EXERCISE INPUTS
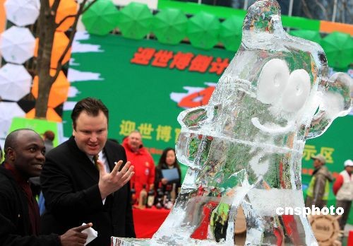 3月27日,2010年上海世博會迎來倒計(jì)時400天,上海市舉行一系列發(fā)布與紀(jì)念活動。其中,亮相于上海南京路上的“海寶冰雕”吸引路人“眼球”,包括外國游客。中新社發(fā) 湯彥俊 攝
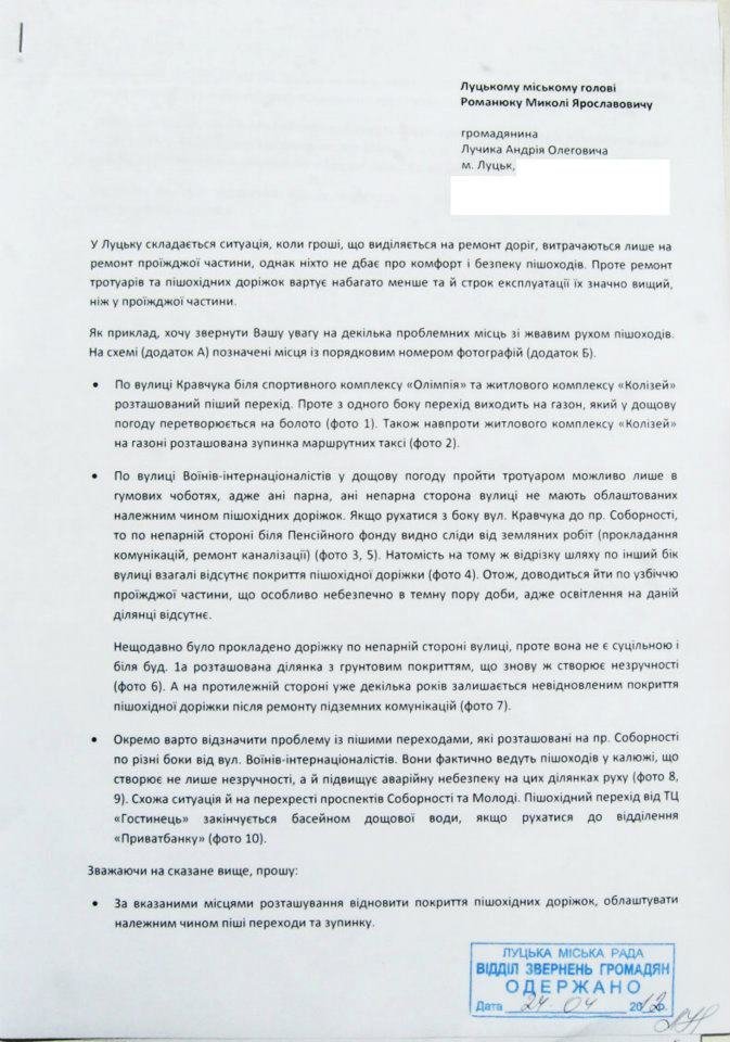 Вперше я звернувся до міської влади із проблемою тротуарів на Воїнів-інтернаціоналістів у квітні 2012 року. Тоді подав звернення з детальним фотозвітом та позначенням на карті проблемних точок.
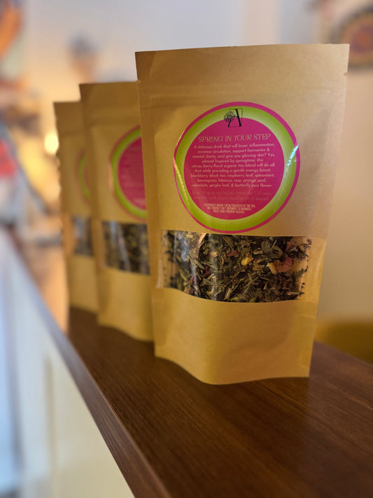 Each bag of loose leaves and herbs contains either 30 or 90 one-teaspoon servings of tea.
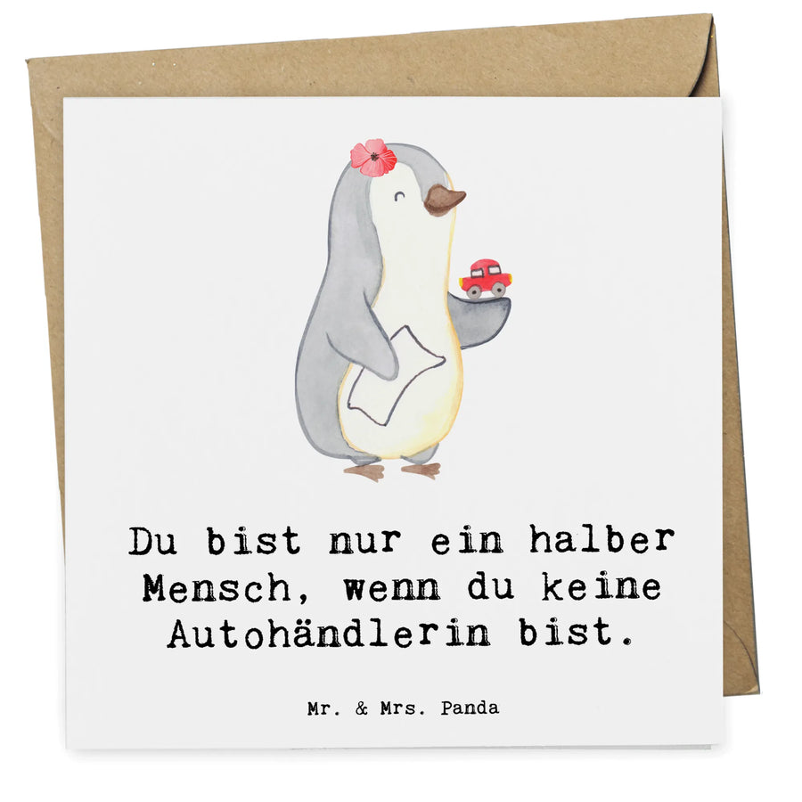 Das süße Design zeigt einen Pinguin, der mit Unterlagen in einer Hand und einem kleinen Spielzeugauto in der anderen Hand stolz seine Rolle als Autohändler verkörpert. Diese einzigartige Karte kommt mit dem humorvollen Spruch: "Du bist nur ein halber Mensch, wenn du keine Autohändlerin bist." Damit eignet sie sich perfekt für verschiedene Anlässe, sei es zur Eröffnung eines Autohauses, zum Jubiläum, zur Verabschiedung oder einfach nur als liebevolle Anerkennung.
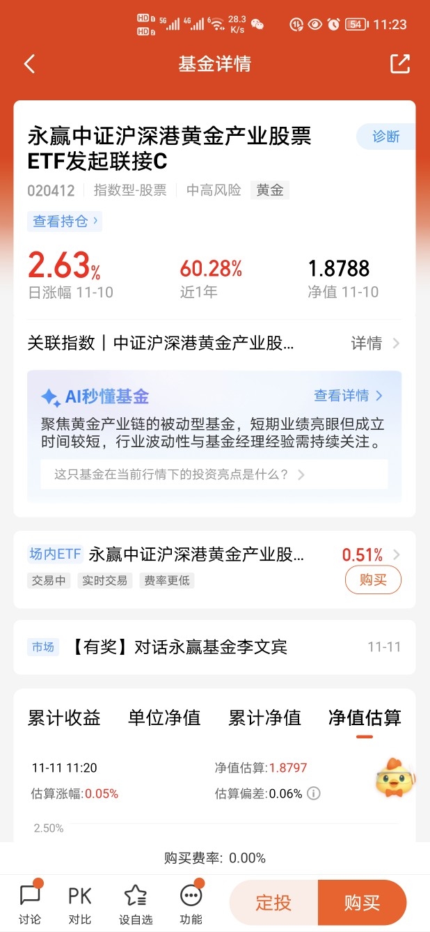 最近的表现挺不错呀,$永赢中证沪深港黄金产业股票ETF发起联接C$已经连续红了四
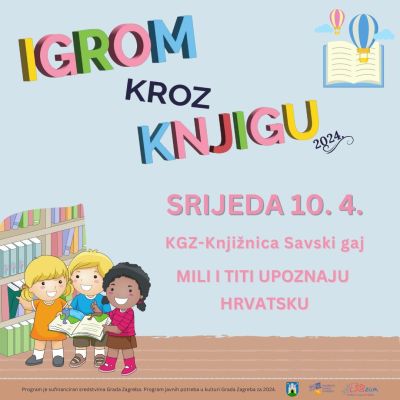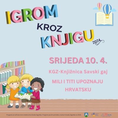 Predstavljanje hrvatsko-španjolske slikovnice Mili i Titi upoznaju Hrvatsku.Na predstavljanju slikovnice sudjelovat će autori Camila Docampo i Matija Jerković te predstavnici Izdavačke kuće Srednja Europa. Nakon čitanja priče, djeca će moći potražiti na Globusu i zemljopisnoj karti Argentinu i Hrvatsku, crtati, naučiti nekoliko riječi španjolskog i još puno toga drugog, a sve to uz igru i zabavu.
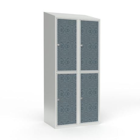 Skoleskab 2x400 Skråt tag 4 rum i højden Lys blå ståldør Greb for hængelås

==

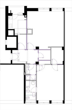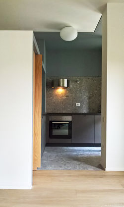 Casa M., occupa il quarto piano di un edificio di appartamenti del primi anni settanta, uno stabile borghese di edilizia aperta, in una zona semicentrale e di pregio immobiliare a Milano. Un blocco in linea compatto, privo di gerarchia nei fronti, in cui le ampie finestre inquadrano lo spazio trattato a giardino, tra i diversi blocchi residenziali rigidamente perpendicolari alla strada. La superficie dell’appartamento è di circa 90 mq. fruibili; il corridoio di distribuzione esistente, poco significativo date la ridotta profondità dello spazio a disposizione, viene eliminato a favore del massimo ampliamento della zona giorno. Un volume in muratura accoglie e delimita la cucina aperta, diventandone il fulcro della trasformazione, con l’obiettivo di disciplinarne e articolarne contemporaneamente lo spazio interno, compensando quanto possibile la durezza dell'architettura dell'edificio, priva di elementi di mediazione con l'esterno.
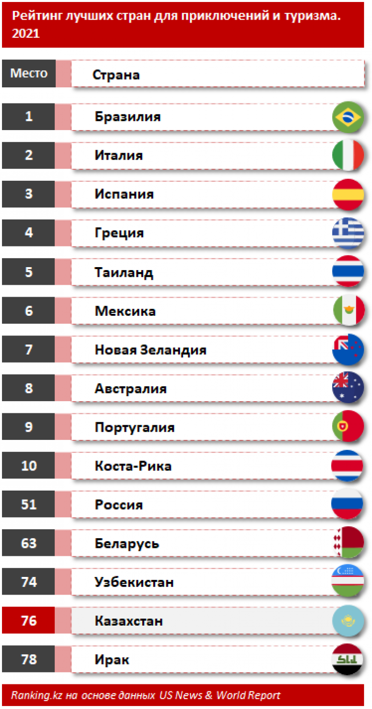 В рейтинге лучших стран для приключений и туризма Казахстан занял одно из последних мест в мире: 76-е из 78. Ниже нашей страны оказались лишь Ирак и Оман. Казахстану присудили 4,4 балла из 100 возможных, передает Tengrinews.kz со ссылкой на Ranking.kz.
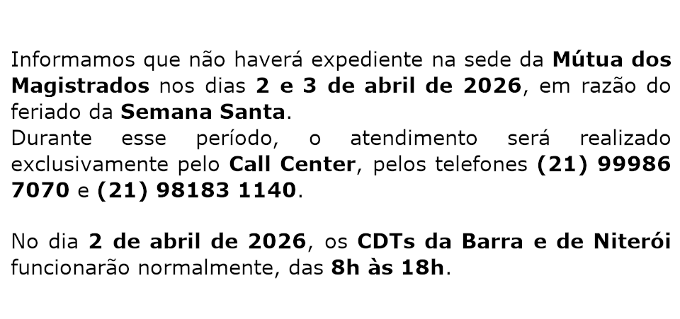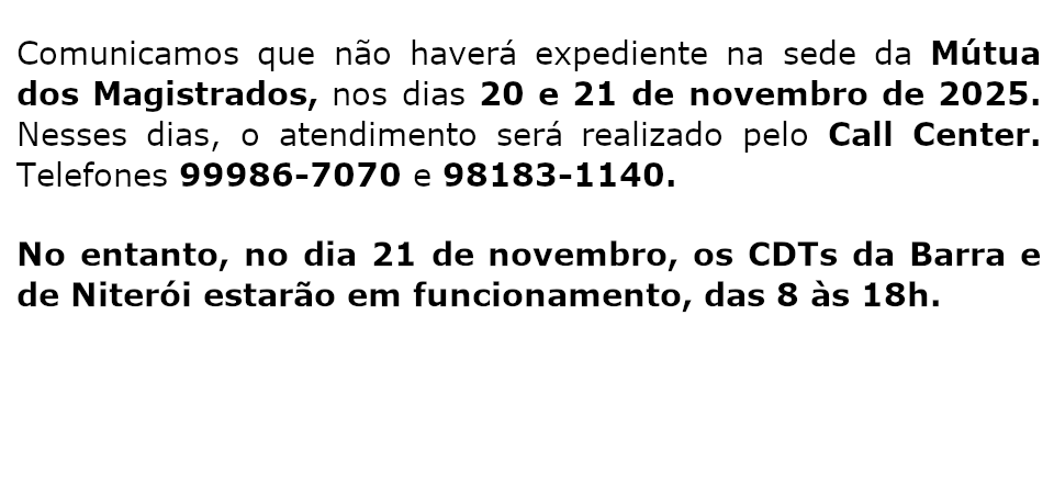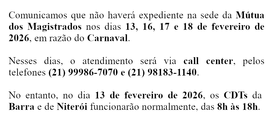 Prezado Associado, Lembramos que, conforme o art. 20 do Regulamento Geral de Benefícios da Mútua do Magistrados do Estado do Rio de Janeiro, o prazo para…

TASK REQUIREMENTS
In the data above, retype only the stretch from the line with "Each bag of" through the line with "Skoleskab 2x400 Skråt", word for word, and skip any pictures.

EXERCISE OUTPUT
 Each bag of loose leaves and herbs contains either 30 or 90 one-teaspoon servings of tea.
 Das süße Design zeigt einen Pinguin, der mit Unterlagen in einer Hand und einem kleinen Spielzeugauto in der anderen Hand stolz seine Rolle als Autohändler verkörpert. Diese einzigartige Karte kommt mit dem humorvollen Spruch: "Du bist nur ein halber Mensch, wenn du keine Autohändlerin bist." Damit eignet sie sich perfekt für verschiedene Anlässe, sei es zur Eröffnung eines Autohauses, zum Jubiläum, zur Verabschiedung oder einfach nur als liebevolle Anerkennung.
 最近的表现挺不错呀,$永赢中证沪深港黄金产业股票ETF发起联接C$已经连续红了四
 Predstavljanje hrvatsko-španjolske slikovnice Mili i Titi upoznaju Hrvatsku.Na predstavljanju slikovnice sudjelovat će autori Camila Docampo i Matija Jerković te predstavnici Izdavačke kuće Srednja Europa. Nakon čitanja priče, djeca će moći potražiti na Globusu i zemljopisnoj karti Argentinu i Hrvatsku, crtati, naučiti nekoliko riječi španjolskog i još puno toga drugog, a sve to uz igru i zabavu.
 Skoleskab 2x400 Skråt tag 4 rum i højden Lys blå ståldør Greb for hængelås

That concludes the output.